What are chocolate protein bars made of?

  • Chocolate protein powder: The key ingredient! This is the main source of protein and it provides chocolate flavor. You can use any type – like pea, brown rice, hemp, and more. If you aren’t vegan, the recipe will still work with non-vegan powders like whey protein.
  • Peanut butter: I absolutely love the flavor of peanut butter, but you can replace it with another variety like almond butter, cashew butter, or even hazelnut butter. For a nut-free option, use sunflower seed butter or tahini instead.
  • Maple syrup: These are made with no refined sugar, so they are sweetened with maple syrup instead. You can substitute it with another liquid sweetener and achieve pretty similar results, like agave nectar or coconut nectar. Honey will work, but it is thicker and stickier so just keep that in mind. You may want to adjust the other ingredients if you use honey.
  • Almond flour: Ground almonds, also known as almond flour, helps bind the dough together. It is grain-free and gluten-free, so don’t be tricked by the word “flour” in its name.
  • Cocoa powder: For rich chocolate flavor, add cocoa or cacao powder to the dough.
  • Chocolate chips: Top them with your favorite chocolate chips.
  • Coconut oil: This is an optional ingredient used in the chocolate topping, but I really recommend adding it. Coconut oil helps to create a runnier consistency so the melted chocolate spreads more easily. Additionally, it softens the chocolate layer so it won’t break apart when you slice the bars.
  • Vanilla extract: For added sweetness and warmth. I’m a firm believer that no treat is complete without a dash of vanilla extract.
  • Salt: A pinch of salt complements the rich chocolate. Don’t skip it!
bowls of chocolate protein powder, cocoa powder, almond flour, peanut butter, chocolate chips, maple syrup, and vanilla extract

How to make protein bars

For the full ingredient measurements and step-by-step instructions, scroll down to view the recipe card at the bottom of the page.

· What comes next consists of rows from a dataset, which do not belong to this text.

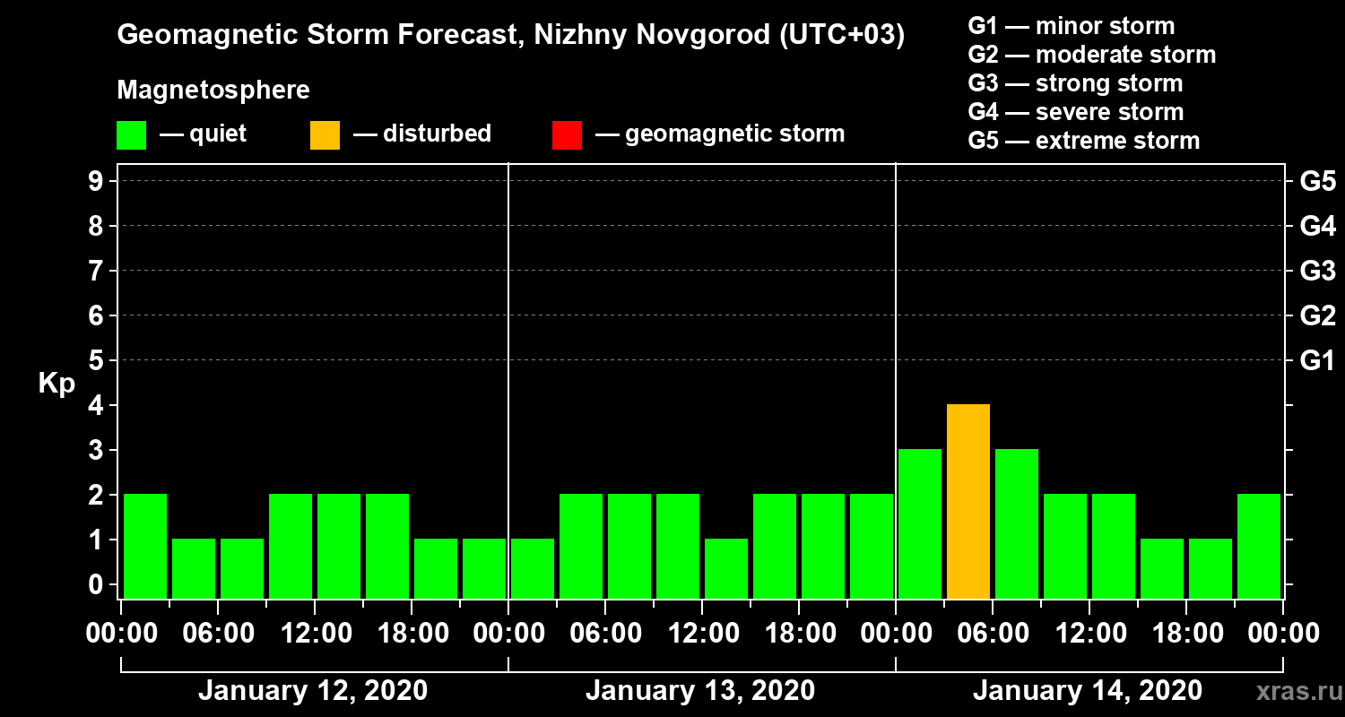 Geomagnetic activity forecast in Nizhny Novgorod — Jan 12, 2020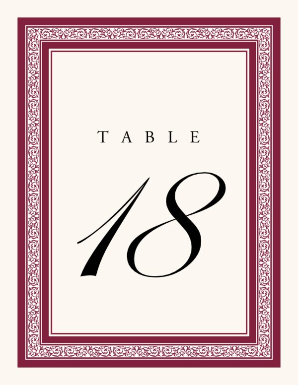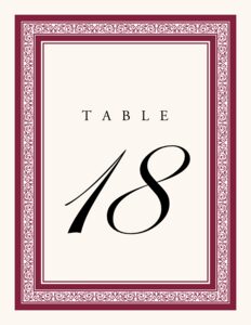 Dress up your wedding with this simple, but classic and elegant table number. Let us customize the border of font style with any colors of your choosing.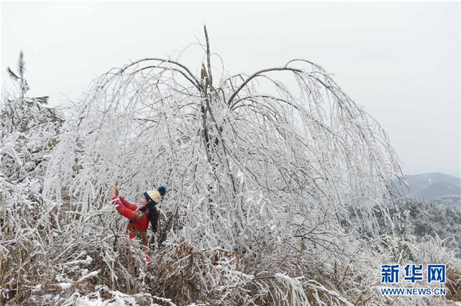 2月3日,雪后的贵州省贵阳市云雾山冰雪美景吸引游人前来观赏。新华社发(乔启明 摄)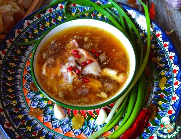 Это горячее блюдо, густой суп, хаш распространён по всему Кавказу и Закавказью. Конечно, в каждом районе готовят немного по разному, но основным ингредиентом являются говяжьи ноги, без них вряд ли получится настоящий хаш. Также используют бычьи хвосты, требуху. По особенным случаям варят хаш с языком м мясом говядины. Именно такой я и попыталась приготовить. Рекомендую.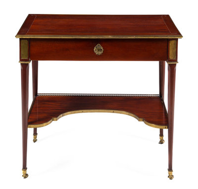 A Louis XVI Style Gilt Bronze Mounted Mahogany Writing Table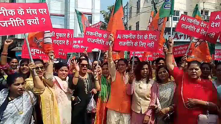 This is the second day when protests are being held in the state against Congress’s shirt-strip protest at AI Impact Summit in Delhi.

First, combine the peanut butter, chocolate protein powder, maple syrup, almond flour, cocoa powder, vanilla extract, and salt in a bowl. Mix the ingredients together to form a chocolate dough.

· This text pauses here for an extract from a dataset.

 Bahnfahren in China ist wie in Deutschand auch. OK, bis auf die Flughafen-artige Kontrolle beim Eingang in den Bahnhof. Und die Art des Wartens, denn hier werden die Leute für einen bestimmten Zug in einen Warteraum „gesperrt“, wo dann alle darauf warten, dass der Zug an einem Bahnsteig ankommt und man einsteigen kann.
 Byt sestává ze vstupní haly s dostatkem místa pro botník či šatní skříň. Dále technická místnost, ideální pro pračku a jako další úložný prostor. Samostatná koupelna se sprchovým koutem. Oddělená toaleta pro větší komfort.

Next, line a square baking dish with parchment paper. This helps prevent the dough from sticking to the pan.

Then, combine chocolate chips and coconut oil in a bowl. Microwave for 30 seconds, stir in between, then microwave for another 30 seconds. Pour the melted chocolate over the dough and evenly spread it.

Chill them in the freezer for 5 minutes or until the chocolate sets. After, slice into bars and enjoy!

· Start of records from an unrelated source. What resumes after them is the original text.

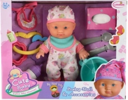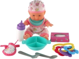 Questa bambola bebè da 22 cm è un’ottima compagna per il gioco quotidiano. Grazie al corpo in plastica rigida mantiene bene la forma ed è facile da pulire. Il set include tutto il necessario per la cura del bebè, dal pasto al divertimento.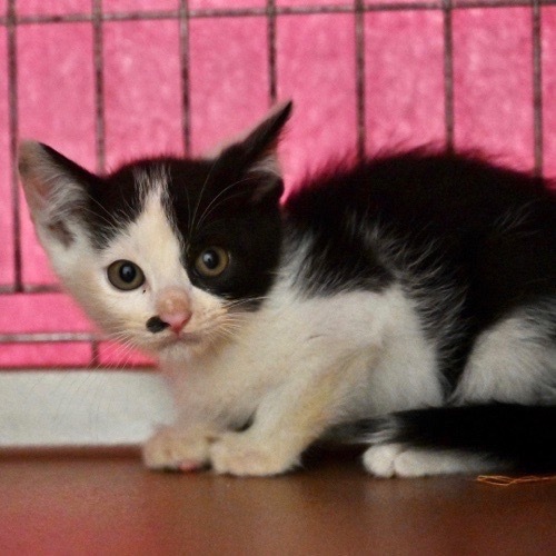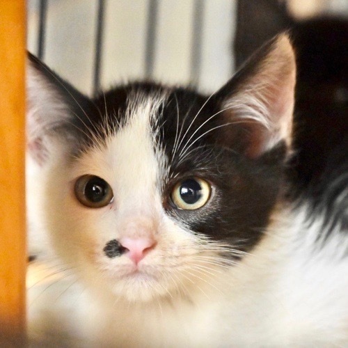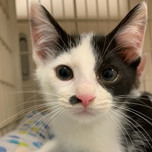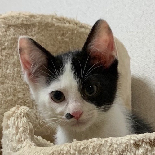 | 特徴(性格など) | 素敵ヘアスタイルで鼻の横にもワンポイントが! 保護してしばらくは控えめで恥ずかしがり屋さんでしたが、今では遊び大好きな元気な子に育ちました。 食欲旺盛でご飯タイムは野獣です(笑) まっく君と兄弟です。 ハチワレコンビ2匹でのお迎えも嬉しいです。 |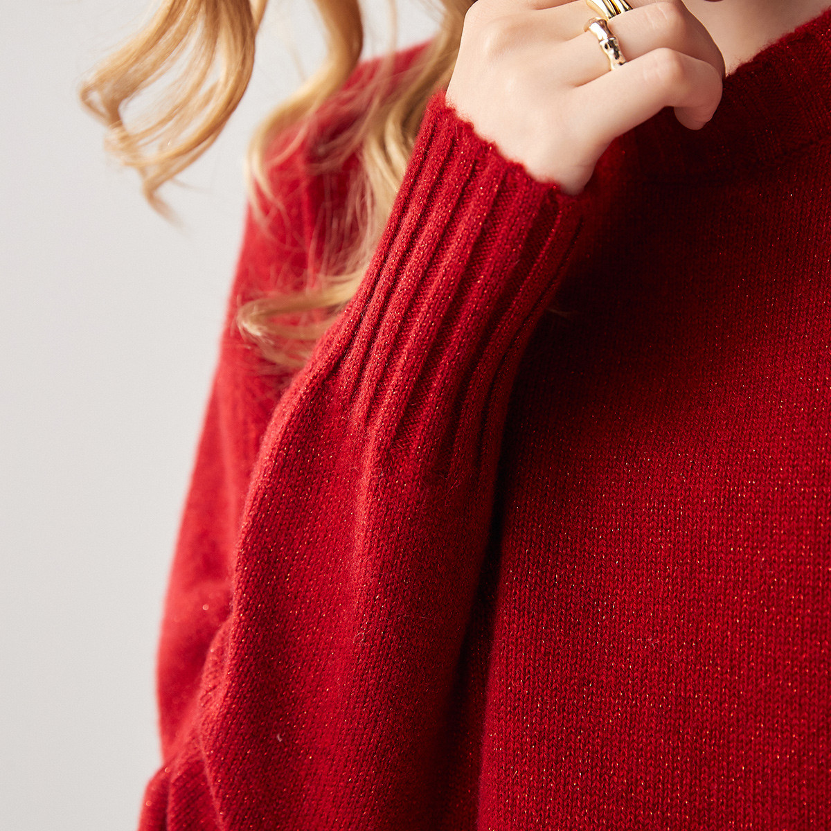 打底毛衫 2025新款 女冬亨利领含5.9%羊绒发热抗静电修身 森马针织衫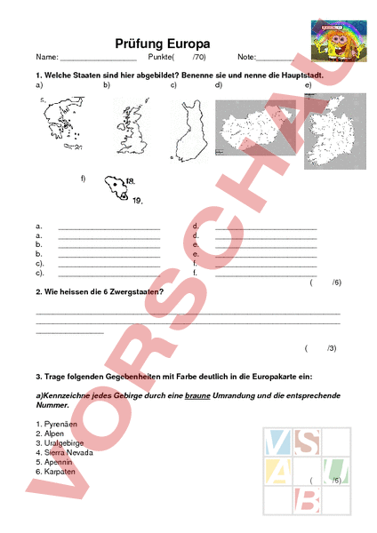 Prüfung Europa Name: Punkte( /70) Note:_ 1. Welche Staaten sind hier abgebildet? Benenne sie und nenne die Hauptstadt. a) b) c) d) e) f) a. a. b. b. c). c). d. d. e. e. f. f. /6) 2. Wie heissen die 6 Zwergstaaten? /3) 3. Trage folgenden Gegebenheiten mit Farbe deutlich in die Europakarte ein: a)Kennzeichne jedes Gebirge durch eine braune Umrandung und die entsprechende Nummer. 1. Pyrenäen 2. Alpen 3. Uralgebirge 4. Sierra Nevada 5. Apennin 6. Karpaten /6) b) Kennzeichne jeden Meeresteil durch eine entsprechende blaue Ziffer. 7. Atlantik 8. Kaspisches Meer 9. Ostsee 10. Mittelmeer 11. Ägäisches Meer 12. Schwarzes Meer 13. Adria 14. Ärmelkanal /8) 4. Benenne die markierten Flüsse. 1 6 8 7 4 5 2 3 1. 2. 3. 4. 5. 6. 7. 8. /8) 5. Länder und Hauptstädte Europas a) Teile den Ländern die richtige Nummer zu (124). Schweiz Portugal Deutschland Bosnien und Herzegowina Mazedonien Italien Norwegen Rumänien Belgien Tschechien Zypern Frankreich Holland Lettland Polen Albanien Österreich Estland Luxemburg Ungarn Irland Spanien Griechenland Grossbritannien /12) b) Nenne die Hauptstädte der 24 Staaten. 1. 11. 21. 2. 12. 22. 3. 13. 23. 4. 14. 24. 5. 15. 6. 16. 7. 17. 8. 18. 9. 19. 10. 20. /12) 6. Vervollständige folgenden Lückentext. 1. Spanien und Portugal bilden dieHalbinsel. 2. Der Dnjepr mündet in das. 3. Im Osten grenzt Europa angebirge. 4. Der Meeresteil zwischen Italien und Kroatien heisst. 5. Die Insel Kreta gehört zu. 6. Die Republik Andorra grenzt an und . 7. An der Themse liegen und . 8. Der Olymp befindet sich in. 9. Am Rhein liegen und. 10. Der Plattensee ist ein See in. 11. Die Bretagne und die Normandie sind Gebiete in . 12. Der Ätna ist ein Vulkan auf. 13. In welcher Stadt befinden sich das Land der tausend Seen?_ 14. In welcher Stadt steht das Brandenburger Tor? 15. In welcher Stadt findet man das Kolosseum? /15)

no bake chocolate protein bars on white parchment paper with flaky sea salt on top

Recipe variations

This recipe is so versatile. You can customize it and make adjustments meet your specific dietary needs.

  • Keto: use sugar-free maple syrup and stevia-sweetened chocolate chips
  • Paleo: be sure to use almond butter instead of peanut butter, and paleo versions of the other ingredients
  • Sugar-free: simply use maple syrup, protein powder, and chocolate chips that contain no added sugar
  • Peanut-free: use another nut butter, like almond butter or cashew butter
  • Nut-free: skip the nut butter and use sunflower seed butter or a sweetened tahini instead

Tips for perfecting this recipe

Add flaky salt on top. Sprinkle flaky sea salt on top of the bars to decorate. It also adds a delicious sweet and salty flavor!

How to make clean-cut slices: Place the knife under hot running water for 15 seconds. Dry the knife with a clean paper towel, then slice the bars. Be sure to wipe the knife clean between each cut.

Use your favorite protein powder. The powder is one of the main ingredients in this recipe. Therefore, make sure you use a brand that you truly love! You can get creative and use a uniquely-flavored protein, like mint chocolate, caramel, coffee, etc.

Do not pack the protein powder. Instead, gently spoon the protein powder into a measuring cup. If you pack the protein powder into the measuring cup, you will use too much and the protein bars will be very dry.

Storage: Store these vegan protein bars in a sealed container in the refrigerator. They will keep for up to 1 week. The bars are also freezer-friendly; they’ll keep for up to 3 months inside the freezer. I recommend placing a square of parchment paper between each one to keep them from sticking together.

three no bake chocolate protein bars stacked on top of each other

More vegan protein bar recipes

If you try these No Bake Chocolate Protein Bars, please let me know your thoughts by leaving a rating and comment below! Ready for more? Subscribe to my newsletter or follow along on Instagram and YouTube!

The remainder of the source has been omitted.